**Exercise aim:**
From the listing below, output the lines between the one with "This brooch looks" and the one with "Zwischen all den", including those two, and nothing else. Pictures are not copied.

**Record extracts:**
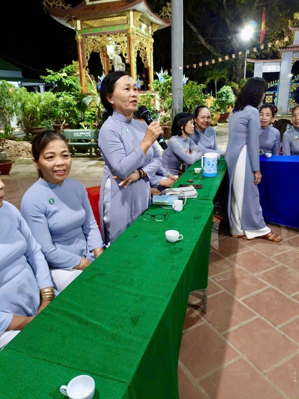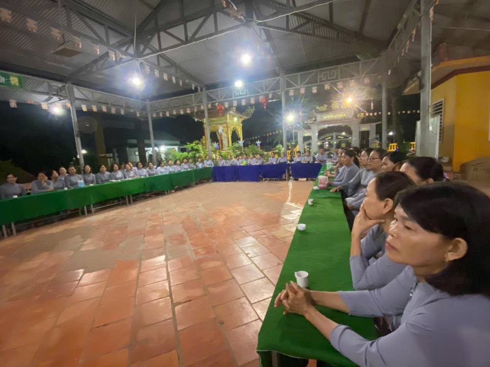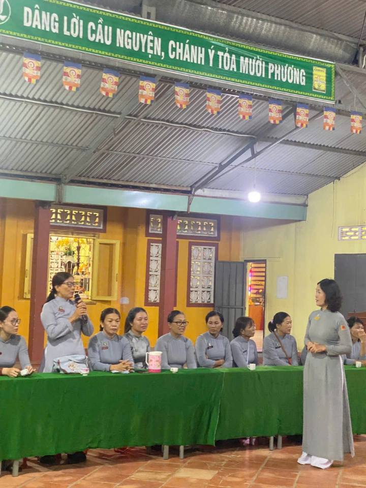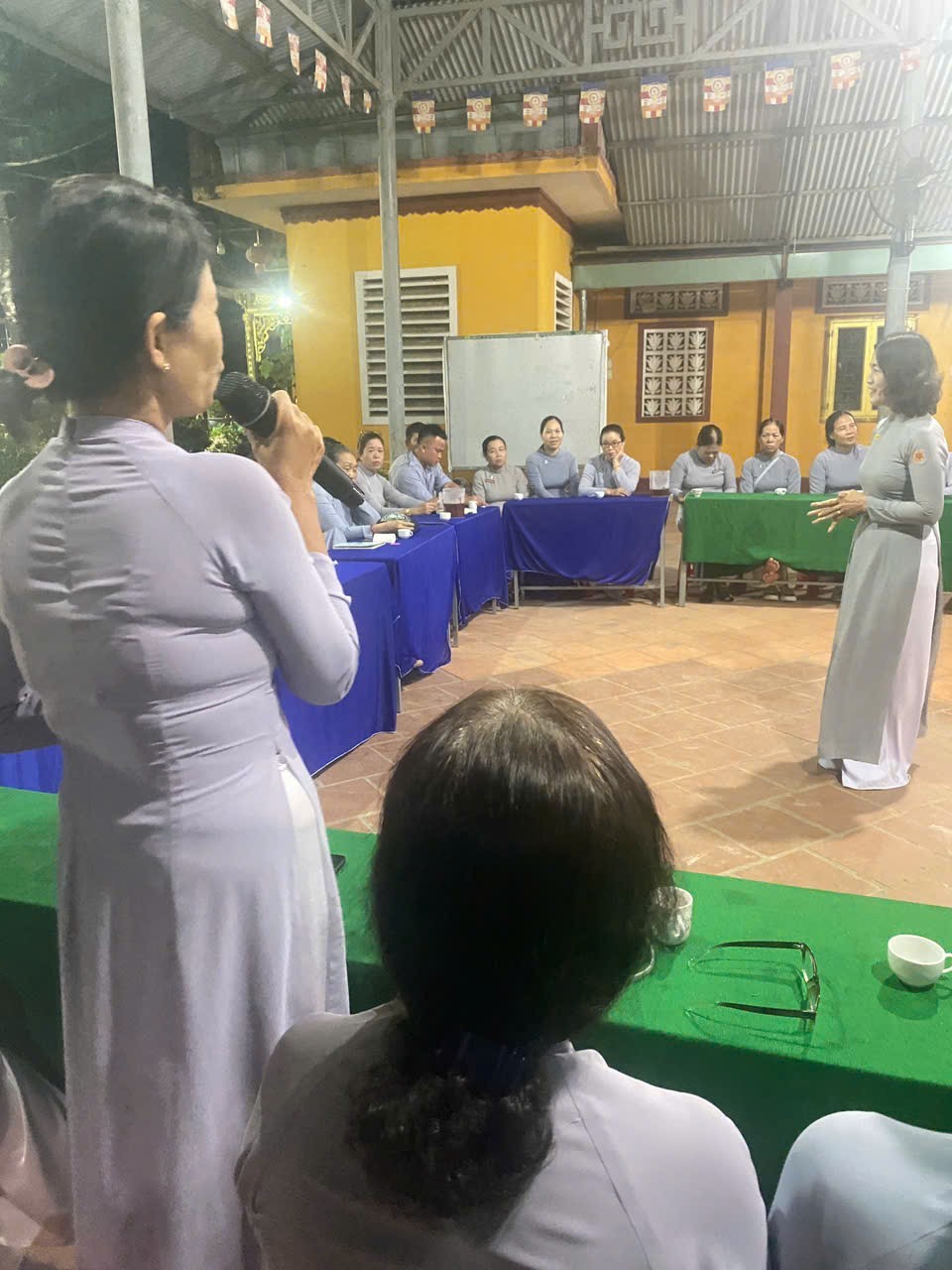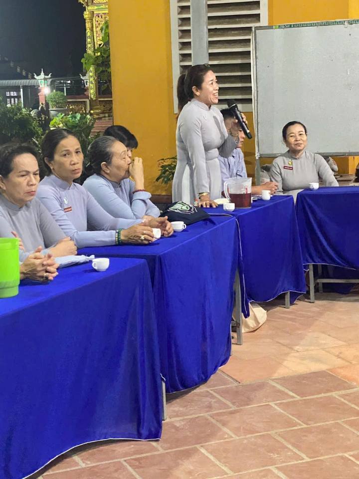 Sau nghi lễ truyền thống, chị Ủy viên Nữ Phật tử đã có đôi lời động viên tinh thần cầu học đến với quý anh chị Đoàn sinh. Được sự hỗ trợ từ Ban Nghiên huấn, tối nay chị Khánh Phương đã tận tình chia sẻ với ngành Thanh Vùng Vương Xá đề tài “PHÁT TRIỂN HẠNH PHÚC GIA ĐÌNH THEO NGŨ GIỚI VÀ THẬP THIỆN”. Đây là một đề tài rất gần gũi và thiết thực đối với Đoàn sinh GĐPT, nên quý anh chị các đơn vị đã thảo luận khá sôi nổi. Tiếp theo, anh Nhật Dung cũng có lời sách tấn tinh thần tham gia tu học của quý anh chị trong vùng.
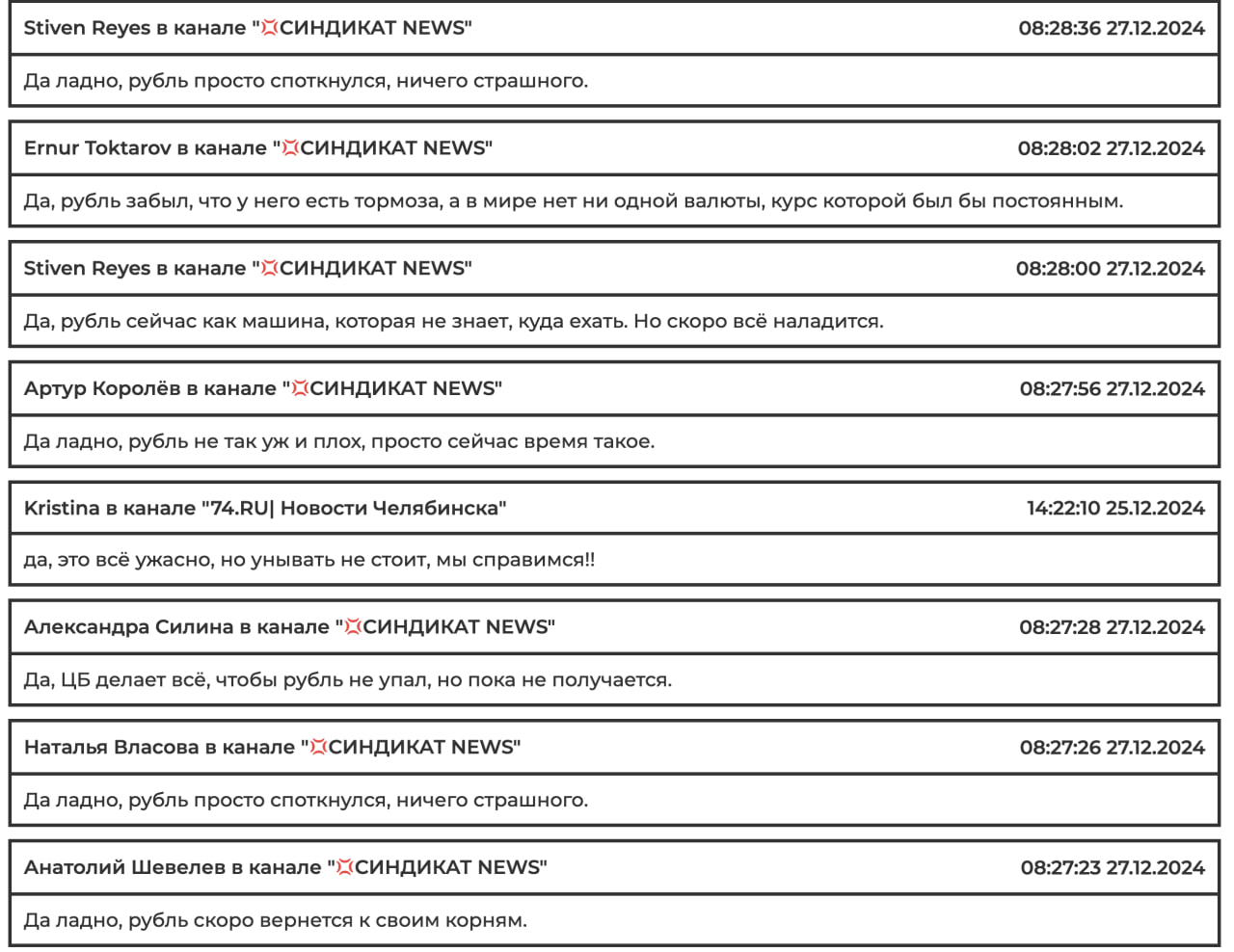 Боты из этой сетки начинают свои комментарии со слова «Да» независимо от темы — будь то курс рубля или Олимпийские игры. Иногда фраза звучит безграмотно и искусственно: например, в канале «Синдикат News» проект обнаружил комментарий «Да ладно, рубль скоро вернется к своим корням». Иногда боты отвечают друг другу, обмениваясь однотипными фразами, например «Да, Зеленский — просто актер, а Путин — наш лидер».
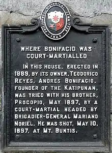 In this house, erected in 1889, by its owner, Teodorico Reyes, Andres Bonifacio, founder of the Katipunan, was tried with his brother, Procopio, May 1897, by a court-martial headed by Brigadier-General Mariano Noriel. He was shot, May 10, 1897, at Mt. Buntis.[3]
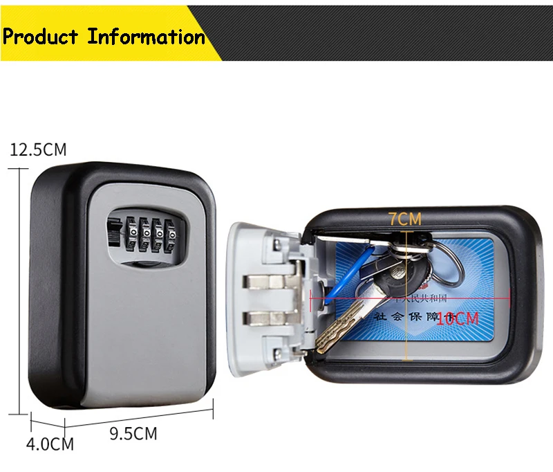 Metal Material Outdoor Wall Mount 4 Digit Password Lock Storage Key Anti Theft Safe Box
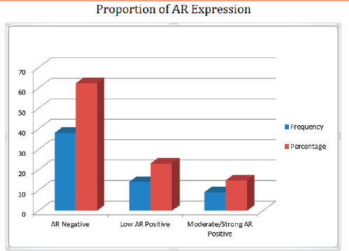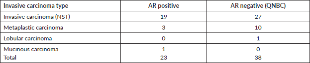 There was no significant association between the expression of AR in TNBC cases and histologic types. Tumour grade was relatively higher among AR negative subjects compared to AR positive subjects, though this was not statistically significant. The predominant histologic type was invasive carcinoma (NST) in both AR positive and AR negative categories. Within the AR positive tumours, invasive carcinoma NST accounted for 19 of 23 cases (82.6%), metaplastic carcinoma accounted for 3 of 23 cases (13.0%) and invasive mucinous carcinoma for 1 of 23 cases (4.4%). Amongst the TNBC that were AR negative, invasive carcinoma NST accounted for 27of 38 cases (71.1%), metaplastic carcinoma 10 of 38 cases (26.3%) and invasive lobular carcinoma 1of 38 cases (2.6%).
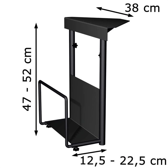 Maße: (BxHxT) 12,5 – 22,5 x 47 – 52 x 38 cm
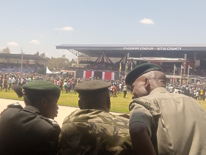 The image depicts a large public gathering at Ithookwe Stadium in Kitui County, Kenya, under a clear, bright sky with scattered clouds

* * *

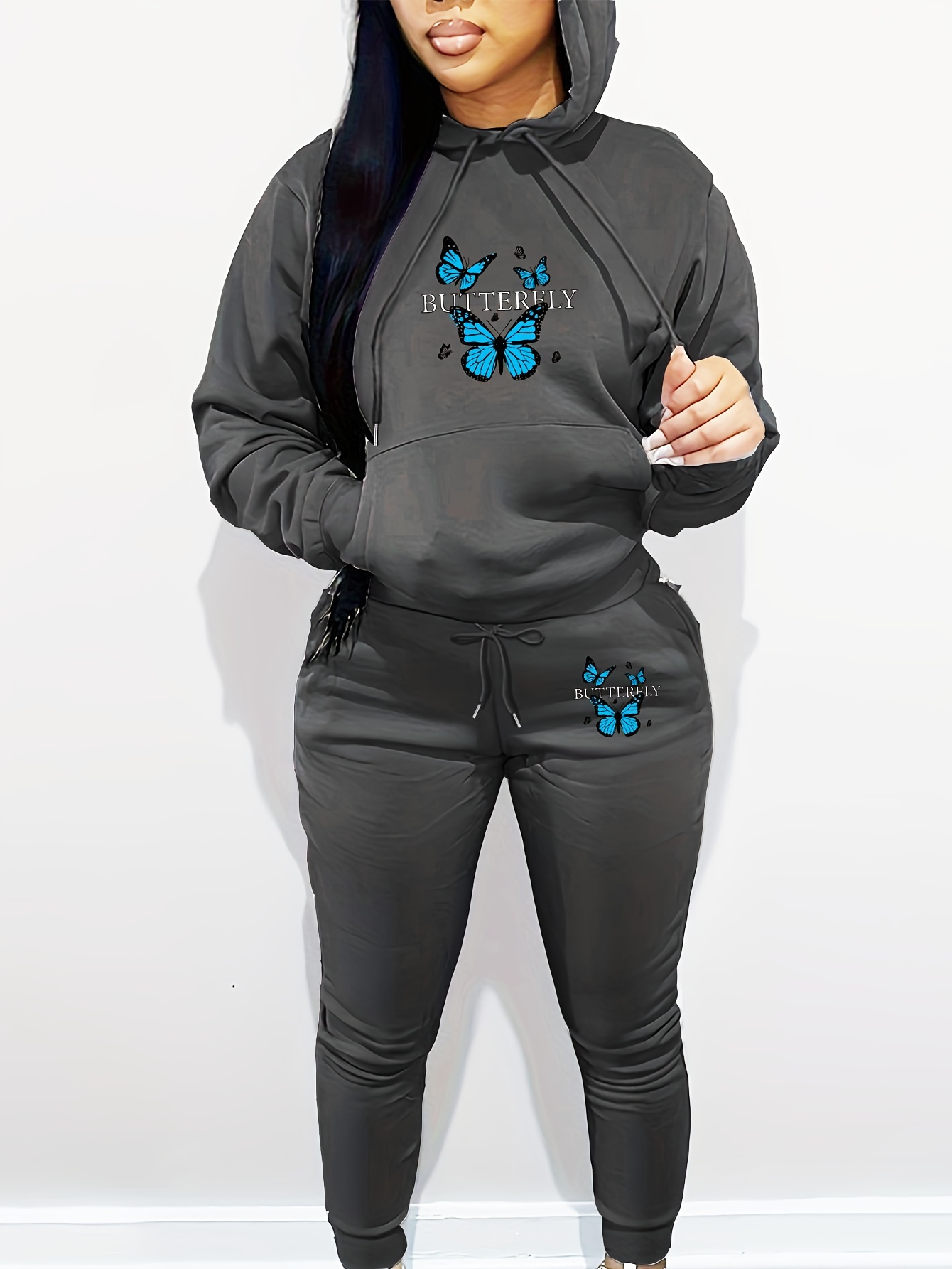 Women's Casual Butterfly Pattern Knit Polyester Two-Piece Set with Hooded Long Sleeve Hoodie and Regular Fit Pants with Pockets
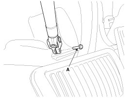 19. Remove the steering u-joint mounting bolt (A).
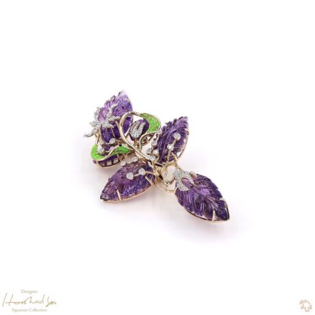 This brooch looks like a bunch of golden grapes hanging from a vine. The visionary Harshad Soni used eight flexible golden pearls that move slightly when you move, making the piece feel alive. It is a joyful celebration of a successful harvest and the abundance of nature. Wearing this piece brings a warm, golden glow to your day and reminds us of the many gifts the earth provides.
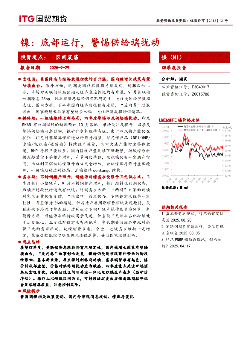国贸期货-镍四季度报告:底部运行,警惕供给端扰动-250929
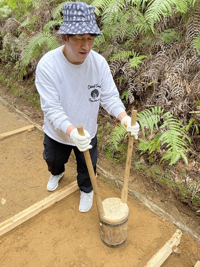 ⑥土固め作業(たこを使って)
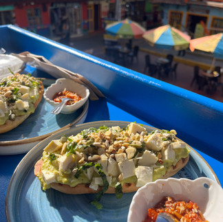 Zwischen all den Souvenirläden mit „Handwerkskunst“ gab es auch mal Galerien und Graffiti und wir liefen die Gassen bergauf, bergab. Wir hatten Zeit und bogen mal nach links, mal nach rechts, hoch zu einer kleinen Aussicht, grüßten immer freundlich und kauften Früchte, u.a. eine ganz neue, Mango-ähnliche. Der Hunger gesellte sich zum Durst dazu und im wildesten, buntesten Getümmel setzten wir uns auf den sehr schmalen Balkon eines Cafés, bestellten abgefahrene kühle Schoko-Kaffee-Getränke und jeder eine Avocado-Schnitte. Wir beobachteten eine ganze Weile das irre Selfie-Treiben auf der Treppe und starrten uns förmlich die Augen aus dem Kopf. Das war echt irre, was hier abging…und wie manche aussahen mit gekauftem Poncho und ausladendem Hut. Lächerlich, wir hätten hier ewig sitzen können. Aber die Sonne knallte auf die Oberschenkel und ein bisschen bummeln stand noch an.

--

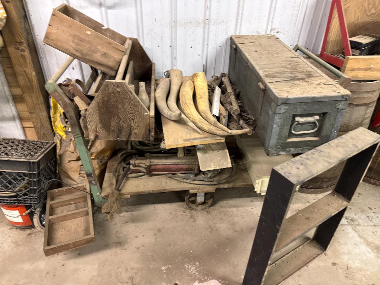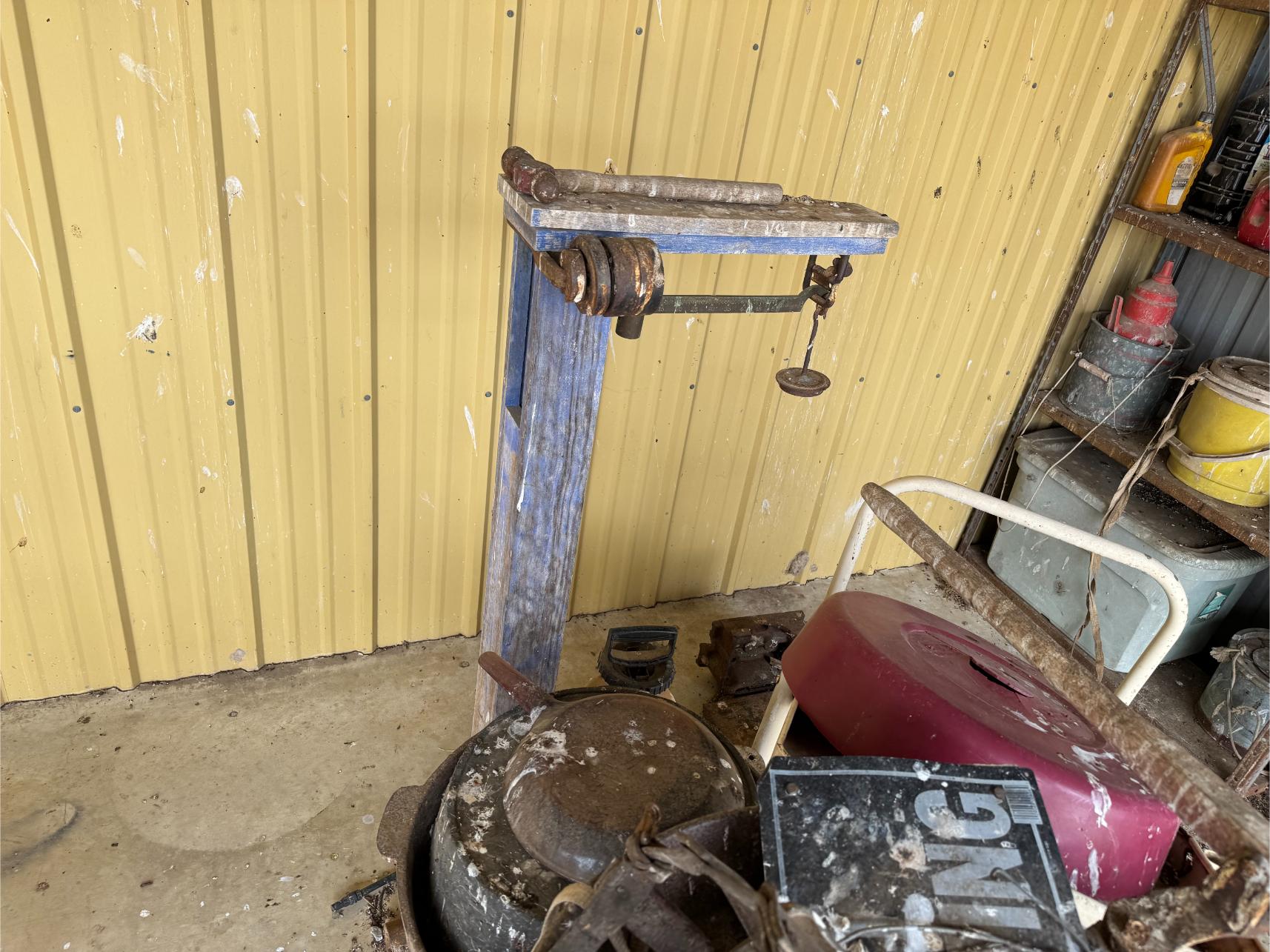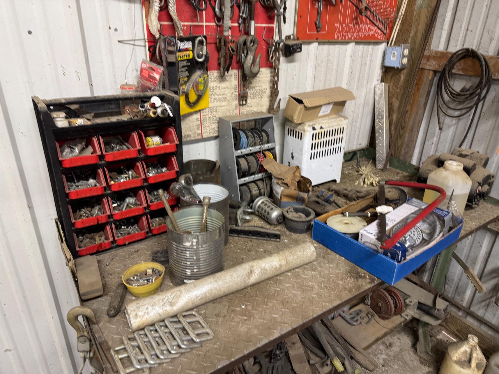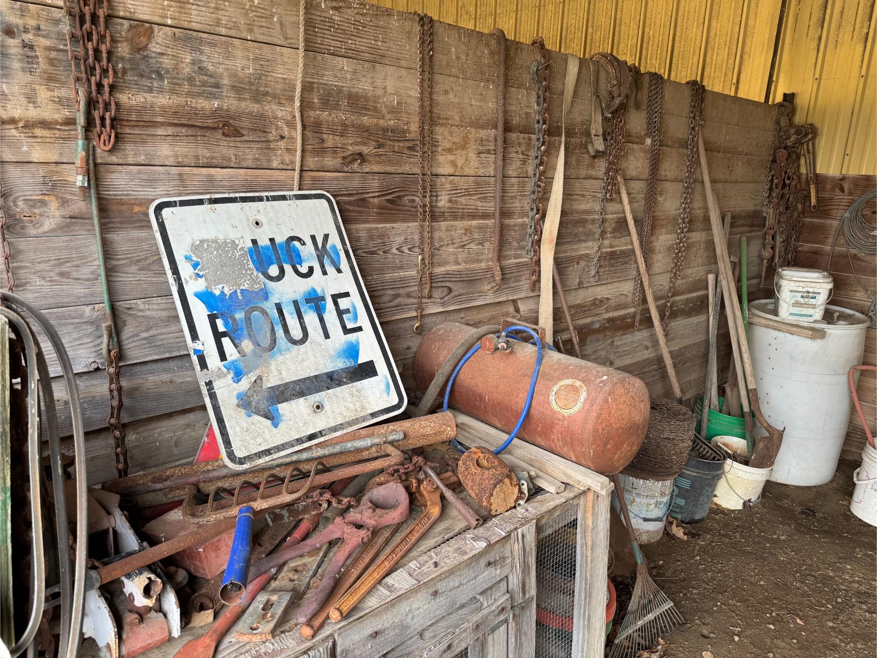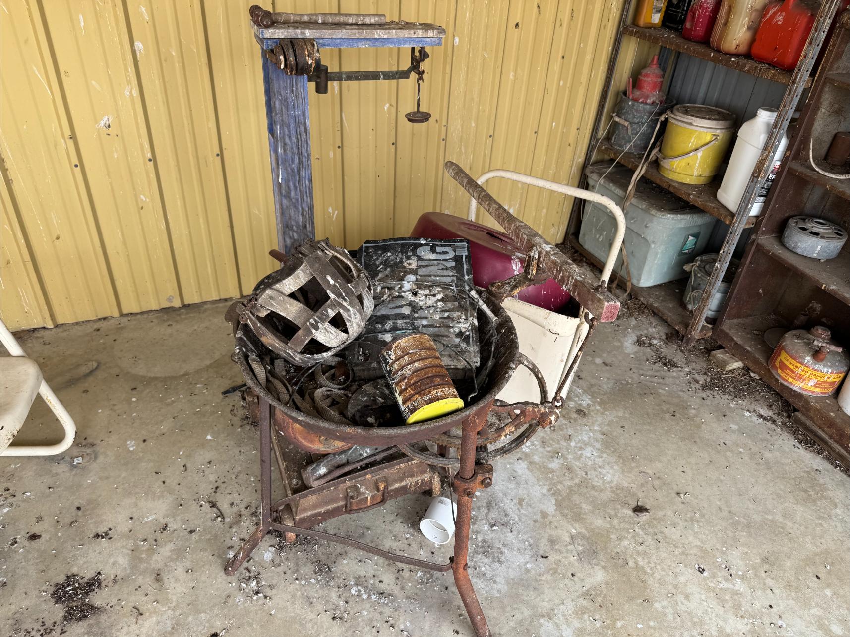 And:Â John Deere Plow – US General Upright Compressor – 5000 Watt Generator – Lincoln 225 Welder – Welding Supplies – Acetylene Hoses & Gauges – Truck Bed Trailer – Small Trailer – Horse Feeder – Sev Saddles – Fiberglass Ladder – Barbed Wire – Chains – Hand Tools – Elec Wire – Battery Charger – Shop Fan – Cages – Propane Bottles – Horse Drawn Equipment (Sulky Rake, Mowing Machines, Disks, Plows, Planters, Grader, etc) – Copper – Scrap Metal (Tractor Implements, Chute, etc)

**Answer space:**
 This brooch looks like a bunch of golden grapes hanging from a vine. The visionary Harshad Soni used eight flexible golden pearls that move slightly when you move, making the piece feel alive. It is a joyful celebration of a successful harvest and the abundance of nature. Wearing this piece brings a warm, golden glow to your day and reminds us of the many gifts the earth provides.
国贸期货-镍四季度报告:底部运行,警惕供给端扰动-250929
 ⑥土固め作業(たこを使って)
 Zwischen all den Souvenirläden mit „Handwerkskunst“ gab es auch mal Galerien und Graffiti und wir liefen die Gassen bergauf, bergab. Wir hatten Zeit und bogen mal nach links, mal nach rechts, hoch zu einer kleinen Aussicht, grüßten immer freundlich und kauften Früchte, u.a. eine ganz neue, Mango-ähnliche. Der Hunger gesellte sich zum Durst dazu und im wildesten, buntesten Getümmel setzten wir uns auf den sehr schmalen Balkon eines Cafés, bestellten abgefahrene kühle Schoko-Kaffee-Getränke und jeder eine Avocado-Schnitte. Wir beobachteten eine ganze Weile das irre Selfie-Treiben auf der Treppe und starrten uns förmlich die Augen aus dem Kopf. Das war echt irre, was hier abging…und wie manche aussahen mit gekauftem Poncho und ausladendem Hut. Lächerlich, wir hätten hier ewig sitzen können. Aber die Sonne knallte auf die Oberschenkel und ein bisschen bummeln stand noch an.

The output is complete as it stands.